County in Nebraska, United States

Franklin County is a county in the U.S. state of Nebraska. As of the 2020 census, the population was 2,889. Its county seat is Franklin. The county was formed in 1867 and organized in 1871. It was named for Benjamin Franklin. In the Nebraska license plate system, Franklin County is represented by the prefix 50 (it had the 50th-largest number of vehicles registered in the county when the license plate system was established in 1922).

==History==
The settlement of Franklin County began after General Eugene Carr's 1869 Republican River Expedition subdued the Cheyenne in the area.

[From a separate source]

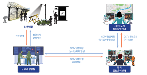 협약의 주요 내용은 군 병력을 지휘·통제하는 군부대 상황실과 지자체 스마트도시 통합운영센터* 간 연계망을 구축하고 센터의 CCTV 영상정보를 실시간 공유·활용함으로써, 군 작전 정보 분석 및 통제를 지원하고 훈련지원·재난대응 등 공조체계를 강화한다는 것이다. 국토부는 산불·홍수 등 재난사태 대응에 있어 군의 역할이 커지고 있는 만큼 이번 협약을 통해 스마트시티 통합플랫폼이 국가안보 뿐만 아니라 지역사회 안전에도 크게 기여할 수 있을 것으로 기대된다고 밝혔다.

In Organized settlements appeared starting in 1870, with the Thompson Colony establishing Riverton along Thompson Creek in September, followed by the Republican Land and Claim Association (also called the Knight Colony) founding Franklin on November 25.

Franklin County was officially established on March 3, 1871, by Governor David Butler's proclamation, with Franklin as the initial county seat. In 1872, however, the Plattsmouth Town Company founded Waterloo (later Bloomington) a mile east, igniting a fierce contest for the county seat. An 1872 election favored Bloomington, but irregularities culminating in the 1874 theft of county records by Bloomington supporters delayed the shift until Bloomington, bolstered by its designation as a U.S. Land Office site, prevailed in another election later that year. The arrival of the Burlington & Missouri River Railroad in Franklin in 1879 drove population growth in the county from a handful of settlers in 1870 to over 5,000 by 1882.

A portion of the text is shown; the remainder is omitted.